2. The server runs `extract_ngram_frequencies` using V8 JavaScript, which calculates exact word counts by identifying common N-Grams.
3. You get back a list that shows the top phrases and their precise frequency count.

## Frequently Asked Questions

**How does N-Gram Frequency Engine MCP Server count phrases?**
It uses native V8 JavaScript to perform deterministic counting on the source text, guaranteeing accurate counts for unigrams, bigrams, and trigrams. This process bypasses LLM token limits entirely.

**Can I use extract_ngram_frequencies to count phrases in PDFs?**
Yes, as long as the PDF content is first extracted into a plain text string, the `extract_ngram_frequencies` tool can process it. The engine works on raw text data.

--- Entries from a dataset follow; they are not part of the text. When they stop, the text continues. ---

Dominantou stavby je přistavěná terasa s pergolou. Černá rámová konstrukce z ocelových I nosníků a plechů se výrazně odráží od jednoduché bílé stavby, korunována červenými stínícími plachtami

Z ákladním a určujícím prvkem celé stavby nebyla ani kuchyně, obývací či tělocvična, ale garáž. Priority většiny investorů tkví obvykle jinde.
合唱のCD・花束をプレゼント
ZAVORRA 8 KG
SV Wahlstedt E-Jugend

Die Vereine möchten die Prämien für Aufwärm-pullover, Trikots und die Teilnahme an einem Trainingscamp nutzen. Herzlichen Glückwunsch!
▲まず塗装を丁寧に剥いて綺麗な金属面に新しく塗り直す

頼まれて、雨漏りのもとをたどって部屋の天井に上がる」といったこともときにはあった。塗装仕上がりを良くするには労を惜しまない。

**Is this better than just asking my agent to summarize the document?**
Yes, because summarizing describes concepts; counting is factual. This server gives you hard metrics (the frequency count), while a summary only provides qualitative takeaways. They solve different problems.

**How do I change the N-Gram size using extract_ngram_frequencies?**
You set the desired 'N' value in your prompt or function call. For example, setting N=2 counts bigrams (two words), and N=3 counts trigrams (three words).

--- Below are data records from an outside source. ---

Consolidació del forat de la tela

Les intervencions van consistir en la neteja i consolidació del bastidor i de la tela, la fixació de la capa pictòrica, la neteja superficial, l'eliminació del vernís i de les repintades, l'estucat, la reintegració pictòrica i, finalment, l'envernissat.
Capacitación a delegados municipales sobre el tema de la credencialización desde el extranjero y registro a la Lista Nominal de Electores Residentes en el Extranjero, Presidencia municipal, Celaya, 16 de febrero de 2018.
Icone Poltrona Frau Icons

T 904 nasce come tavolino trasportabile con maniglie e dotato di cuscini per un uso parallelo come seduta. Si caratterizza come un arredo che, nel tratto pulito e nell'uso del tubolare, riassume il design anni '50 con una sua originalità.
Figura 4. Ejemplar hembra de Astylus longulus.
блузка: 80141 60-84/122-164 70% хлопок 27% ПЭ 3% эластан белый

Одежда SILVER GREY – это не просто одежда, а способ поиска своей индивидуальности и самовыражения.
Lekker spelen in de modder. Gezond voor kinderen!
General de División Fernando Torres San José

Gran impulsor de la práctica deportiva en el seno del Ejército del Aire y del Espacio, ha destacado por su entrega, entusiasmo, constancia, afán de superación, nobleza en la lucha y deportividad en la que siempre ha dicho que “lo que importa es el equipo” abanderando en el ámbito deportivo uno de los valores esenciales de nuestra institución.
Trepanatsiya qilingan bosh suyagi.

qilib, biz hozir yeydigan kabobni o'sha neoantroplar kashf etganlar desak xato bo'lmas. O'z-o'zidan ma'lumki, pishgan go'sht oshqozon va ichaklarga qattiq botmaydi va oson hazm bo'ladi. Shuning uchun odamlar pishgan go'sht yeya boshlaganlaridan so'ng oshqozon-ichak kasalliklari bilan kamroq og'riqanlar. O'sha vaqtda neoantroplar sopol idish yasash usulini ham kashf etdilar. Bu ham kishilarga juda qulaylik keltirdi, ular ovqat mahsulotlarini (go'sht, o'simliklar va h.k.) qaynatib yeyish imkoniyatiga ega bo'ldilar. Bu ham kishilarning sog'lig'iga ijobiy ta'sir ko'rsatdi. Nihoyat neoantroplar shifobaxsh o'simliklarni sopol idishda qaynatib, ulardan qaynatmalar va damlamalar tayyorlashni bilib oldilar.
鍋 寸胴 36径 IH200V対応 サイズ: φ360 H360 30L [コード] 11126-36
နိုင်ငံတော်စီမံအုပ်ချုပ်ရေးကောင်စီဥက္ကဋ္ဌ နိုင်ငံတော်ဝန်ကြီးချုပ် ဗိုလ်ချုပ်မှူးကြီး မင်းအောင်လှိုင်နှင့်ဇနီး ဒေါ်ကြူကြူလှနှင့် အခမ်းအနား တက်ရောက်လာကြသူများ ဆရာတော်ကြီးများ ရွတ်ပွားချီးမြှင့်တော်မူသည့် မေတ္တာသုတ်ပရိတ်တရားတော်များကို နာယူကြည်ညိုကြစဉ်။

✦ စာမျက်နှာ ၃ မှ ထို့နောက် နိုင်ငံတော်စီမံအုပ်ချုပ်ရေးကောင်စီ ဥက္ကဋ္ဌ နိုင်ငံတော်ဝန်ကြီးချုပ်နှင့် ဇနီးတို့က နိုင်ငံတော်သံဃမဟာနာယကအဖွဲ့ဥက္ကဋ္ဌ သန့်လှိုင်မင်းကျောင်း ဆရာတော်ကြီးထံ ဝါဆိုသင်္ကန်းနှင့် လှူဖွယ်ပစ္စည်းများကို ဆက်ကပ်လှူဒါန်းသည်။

**When I use `extract_ngram_frequencies`, what is the maximum size of text it can process?**
The engine handles extremely large texts, limited primarily by available memory. You don't need to worry about typical token limits or length restrictions. Since it uses native V8 JavaScript, processing speed remains high even with massive inputs.

**Can `extract_ngram_frequencies` handle text that has complex formatting or mixed characters?**
It requires raw, clean plain text input for the most accurate results. If your source material includes HTML tags or unusual symbols, it’s best practice to strip those out first. This ensures the engine focuses only on meaningful word sequences.

**What security measures govern the data used by `extract_ngram_frequencies`?**
Your text input is processed securely within the Vinkius infrastructure for computation. We do not retain your source documents or use them to train our models; you only receive the calculated frequency output.

**If I run `extract_ngram_frequencies` with an empty string, what error response should I expect?**
It handles null or empty inputs gracefully. Instead of throwing an error, it returns a zero count for all N-Grams. This makes the tool reliable for conditional logic within your agent workflows.

**What are Bigrams and Trigrams?**
A bigram is a sequence of two adjacent words (e.g., 'machine learning'). A trigram is three (e.g., 'natural language processing').

**Does it lowercase the text automatically?**
Yes, all text is automatically lowercased and tokenized natively to ensure accurate aggregation of phrases.

**Is this faster than asking Claude?**
Significantly faster and 100% accurate. LLMs cannot count occurrences across thousands of tokens reliably.